La fraternité d’armes est aussi ambition collective
Elle est contraire à la logique de communauté, de club ou de secte. Pas plus qu’on ne choisit ses frères, le soldat ne choisit ses compagnons d’armes, qu’il soit chef, camarade ou subordonné. Les unités de l’armée française ont à bâtir leur cohésion à partir des hommes et des femmes qui leur sont affectés, sans en exclure aucun. A chaque membre un juste rôle au service de la mission commune. A la manière d’une famille où chacun apporte son talent et a droit à sa juste place, les unités font corps.
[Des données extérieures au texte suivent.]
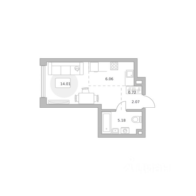 Продаётся студия 1601, площадью 28,02 м², на 7 этаже в ЖК "Мнёвники от Гранель" корпус 1. Стоимость — от 17947542 руб. Квартира без отделки, планировка односторонняя, окна на улицу.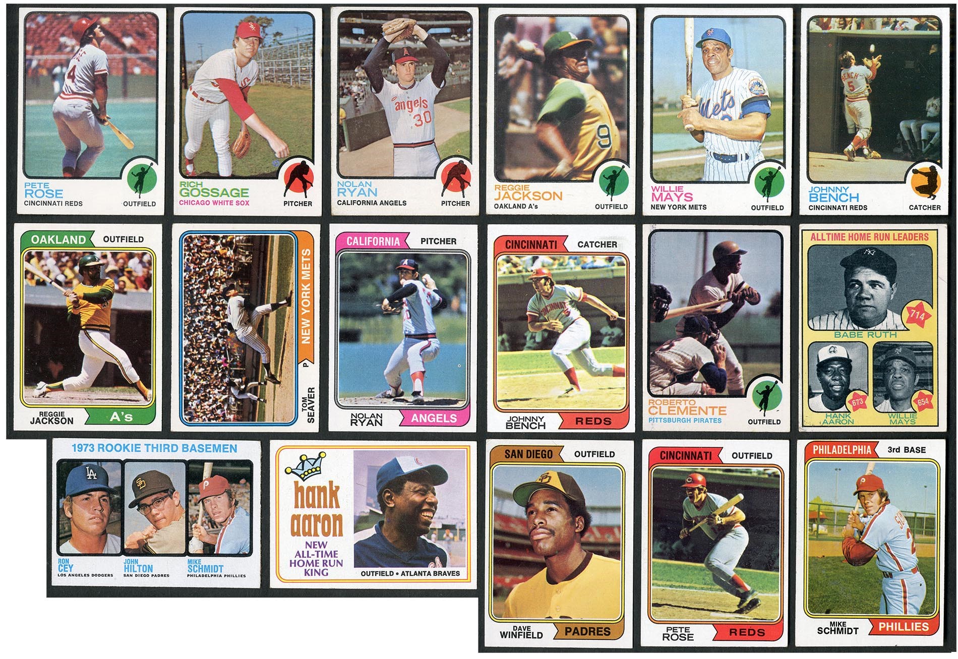 Pair of high grade complete sets, all fresh to the hobby from a long time collector. Includes: 1973 - complete set of 660 cards w/#1 Ruth/Aaron/Mays (VG), 50 Clemente (EX), 100 Aaron (NM), 130 Rose (EX/MT), 174 Gossage RC (VG/EX), 193 Fisk (EX/MT), 220 Ryan (VG), 245 Yastrzemski (VG/EX), 255 Jackson (VG/EX), 305 Mays (EX), 350 Seaver (NM), 380 Bench (NM), 472 Gehrig (EX), 474 Ruth (EX/MT), 614 Evans RC (EX) and 615 Schmidt RC (EX). Grades 25% NM to NM/MT, 60% EX to EX/MT, 15% lesser. 1974 - complete set of 660 cards PLUS WASH NL cards and Red Checklists w/#s 1 Aaron (VG/EX), 10 Bench (EX), 20 Ryan (EX/MT), 80 Seaver (EX), 130 Jackson (EX/MT), 283 Schmidt (VG/EX), 300 Rose (EX) and 456 Winfield RC (GD/VG). Grades 25% NM to NM/MT, 60% EX to EX/MT, 15% lesser.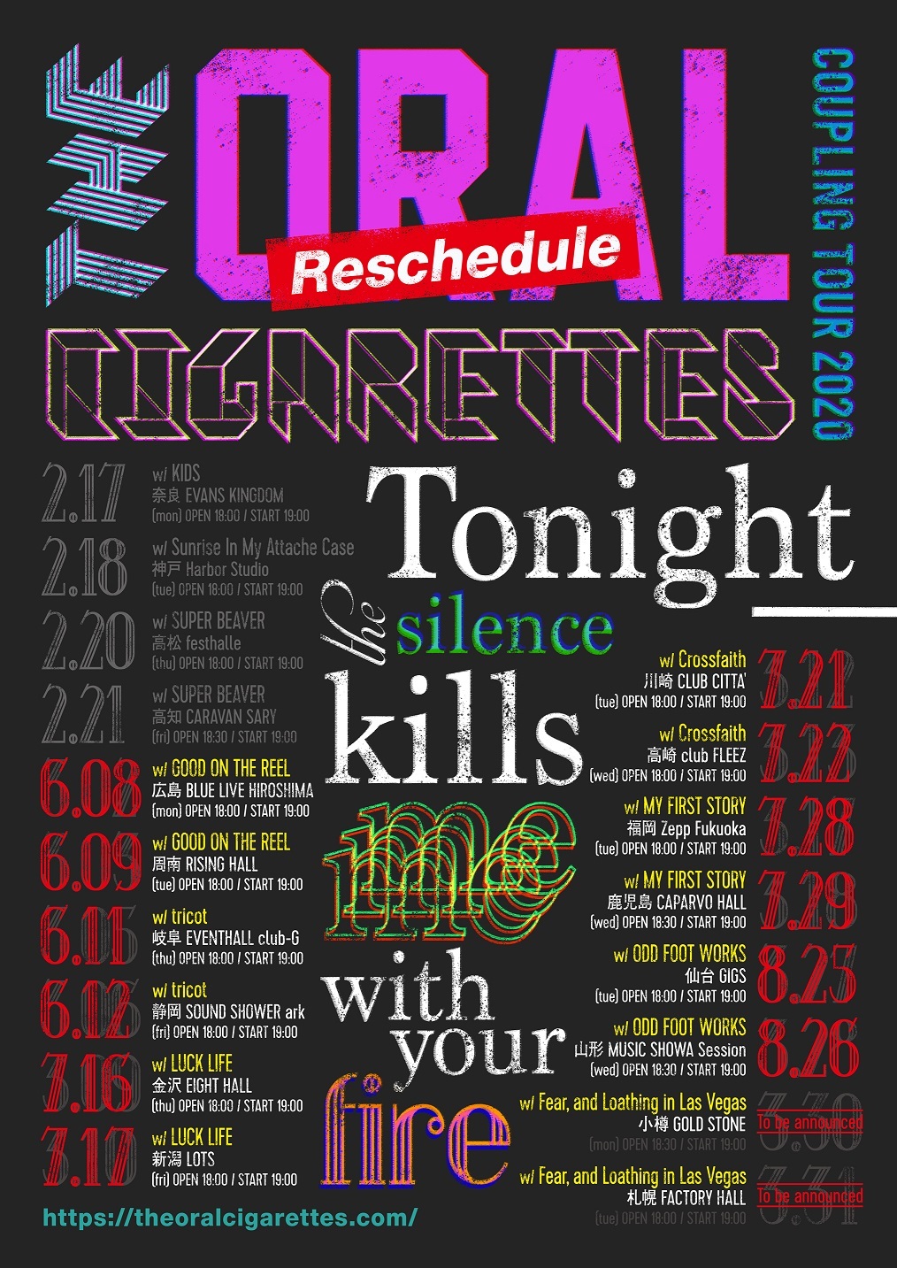 4月29日(水)にニューアルバム『SUCK MY WORLD』をリリースするTHE ORAL CIGARETTESが、先日新型コロナウイルスの感染拡大の状況により開催見合わせとなった、COUPLING TOUR『Tonight the silence kills me with your fire』の振替公演を発表した。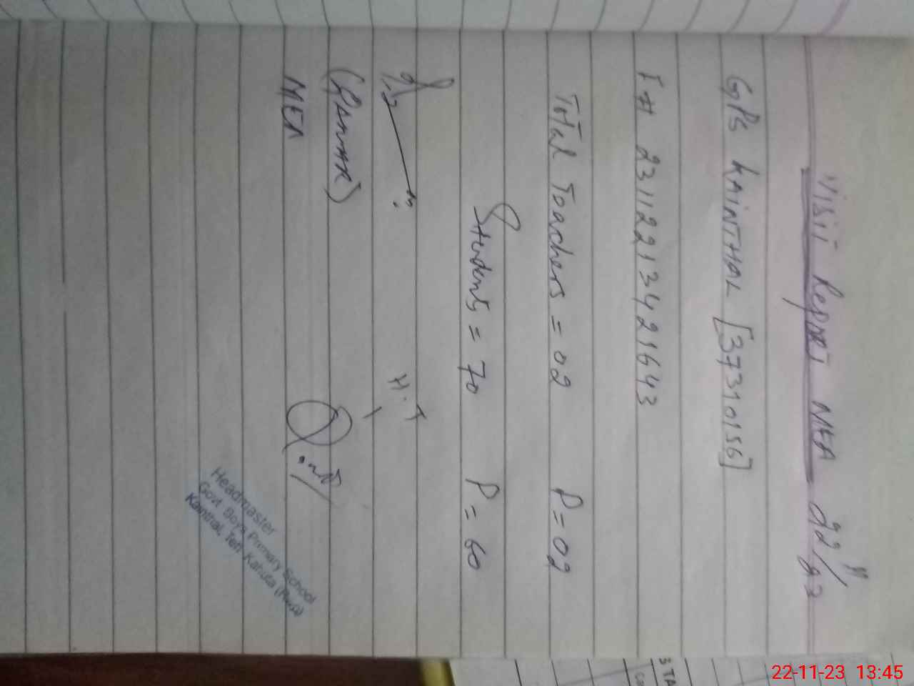 | Attendance Register | Head Teacher | MEA with School | Visit Proof |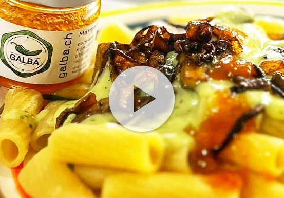 Un esempio di uso con la Raclette con una bruschetta, letto di trifolata di zucchine e melanzane, raclette, cipolla fresca e la Hot come topping!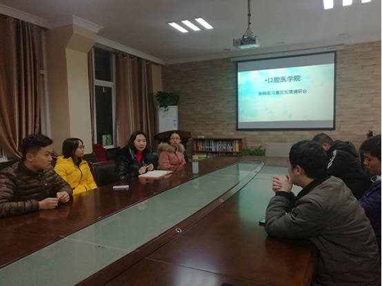 首先,胡睿老师向同学们通报了贵州医科大学《关于2020届临床医XIAOIDJ 类专业实习安排的通知》,确定实习结束时间。之后,同学们纷纷就实习以来的整体感受进行分享,对各实习点之间的实习差异进行交流,针对口腔各专科实习时较突出的问题进行阐述。会上,胡睿老师随时记录同学们反馈的问题,在与同学们交流讨论的同时,收集同学们的意见和建议。最后,胡睿老师要求同学们在剩余两周的实习时间里,站好最后一班岗,严肃实习纪律,毫不懈怠地完成实习任务。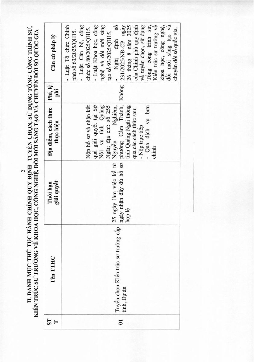QUYẾT ĐỊNH Về việc công bố danh mục thủ tục hành chính về bảo hiểm thất nghiệp triển khai thí điểm trên cổng dịch vụ công quốc gia; thủ tục quy định tuyển chọn, sử dụng tổng công trình sư, kiến trúc sư trưởng về khoa học, công nghệ, đổi mới sáng tạo và ch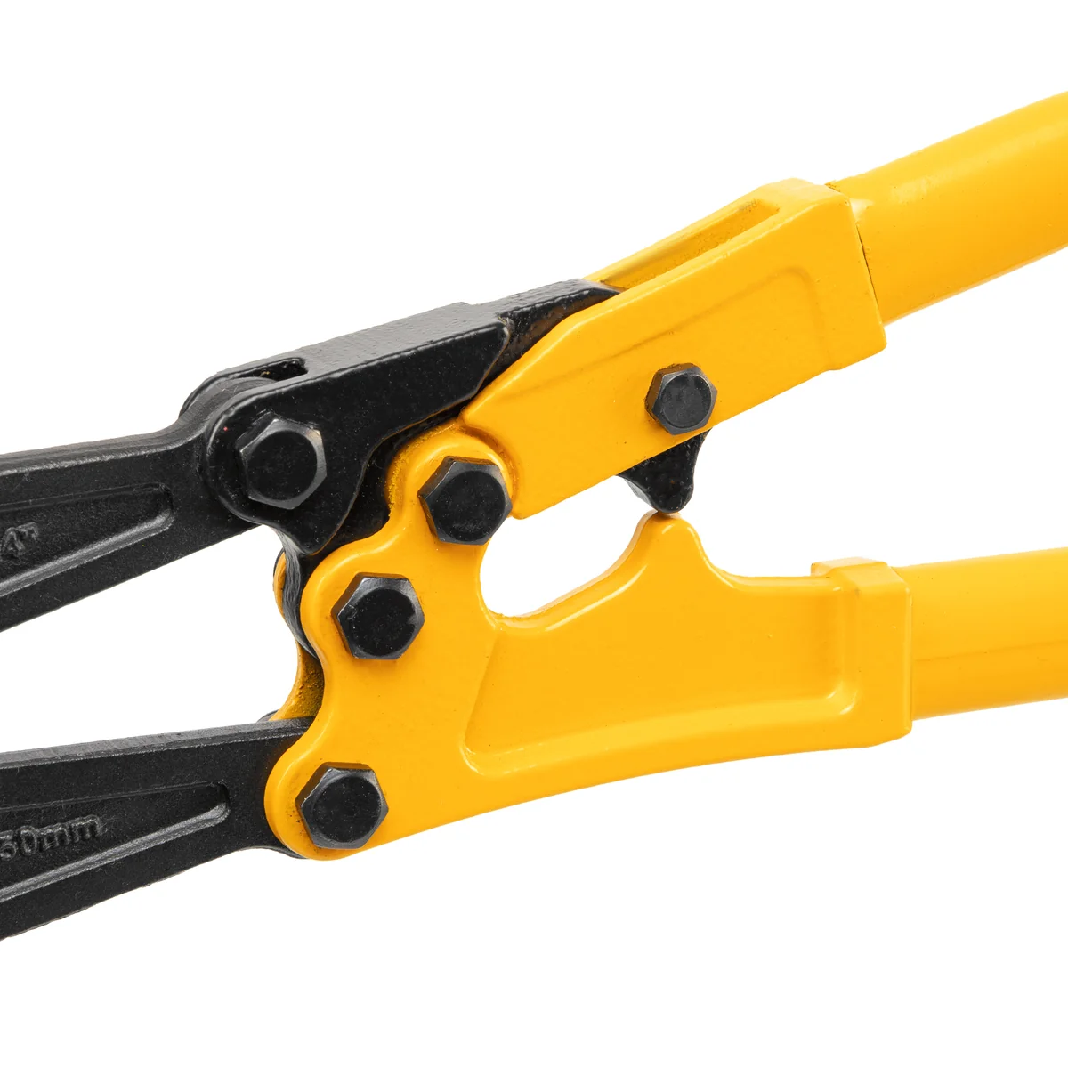 Болторез Denzel 78533 длиной 350 мм (14 дюймов), из стали Cr-Mo, предназначен для перекусывания стальных прутков диаметром 6,4 мм, болтов и шурупов, разнородной проволоки.Преимущества Износостойкие губки, выполненные из стали CrMo, обладают повышенной прочностью и жесткостью. Твердость рабочих губок 56-60 HRC позволяет работать с прочными материалами. Дополнительный рычаг уменьшает прикладываемое усилие. Эксцентриковый механизм регулирует прилегание рабочих губок друг к другу. Эргономичные рукоятки удобно лежат в руке.

La fraternité d’armes est surtout finalité opérationnelle
Elle sous-tend le succès de la mission. Elle est esprit guerrier alliant loyauté, détermination et audace. Elle rappelle au soldat son impératif de victoire : il n’a pas d’obligation de moyens mais de résultat. Dans la violence et le désordre du combat, la confiance en ses pairs et ses chefs est indispensable pour agir malgré la peur et les dangers. La camaraderie, le sentiment d’appartenance et la conviction de contribuer à plus grand que soi poussent au dépassement.
La fraternité d’armes dans nos armées est discipline
La hiérarchie est exacte :
- les chefs sont chargés de commander ;
- les subordonnés ont le devoir d’obéir. Ils le font selon des règles et des codes.
Davantage qu’un modus vivendi qui permettrait une cohabitation acceptable, plus que l’égalité d’une cogestion, ou que l’unanimité d’une uniformité utopique, la discipline règle la diversité, assure la cohérence de l’unité et son efficacité en toute circonstance. Forte de son histoire et des épreuves qu’elle a traversées, l’armée de Terre sait que la discipline librement consentie fonde sa valeur opérationnelle. Elle sait que la cohésion naît de la tension vers un but commun ; que l’effort partagé est ferment d’unité et révélateur des caractères.
La fraternité d’armes est méthode
Elle ne va pas de soi. Elle n’est pas un slogan que l’on invoque pour se rassurer. Elle ne se décrète pas. Elle n’est jamais définitivement acquise. Elle se décide, s’apprend, s’entretient et se renforce. Elle a besoin de s’éprouver. Elle a besoin de se prouver. Elle est un combat car elle doit dépasser des réflexes inévitables au sein d’un groupe humain : jalousie, corporatisme, effet de bande et exclusion sont des poisons pernicieux. Nier ces tendances serait aussi vain que les ériger en obstacles rédhibitoires. La fraternité d’armes appelle avant tout la considération. Commander et faire travailler ensemble des hommes et des femmes aux aspirations différentes, aux compétences inégales, aux convictions diverses et aux origines variées constitue une gageure qui suppose éducation, maturité et intelligence collective.
Ce qui unit les formations de l’armée de Terre est plus grand que ce qui les divise. Les drapeaux et étendards des régiments en sont le symbole.
La devise de notre pays le clame
Liberté – Egalité – Fraternité.
L’armée de Terre a l’ambition et le devoir d’offrir à la Nation la plus belle image d’elle-même :
- celle d’une troupe unie par des liens fraternels ;
- celle d’une jeunesse qui se lève, prête à servir jusqu’à la victoire, même au prix du sacrifice suprême.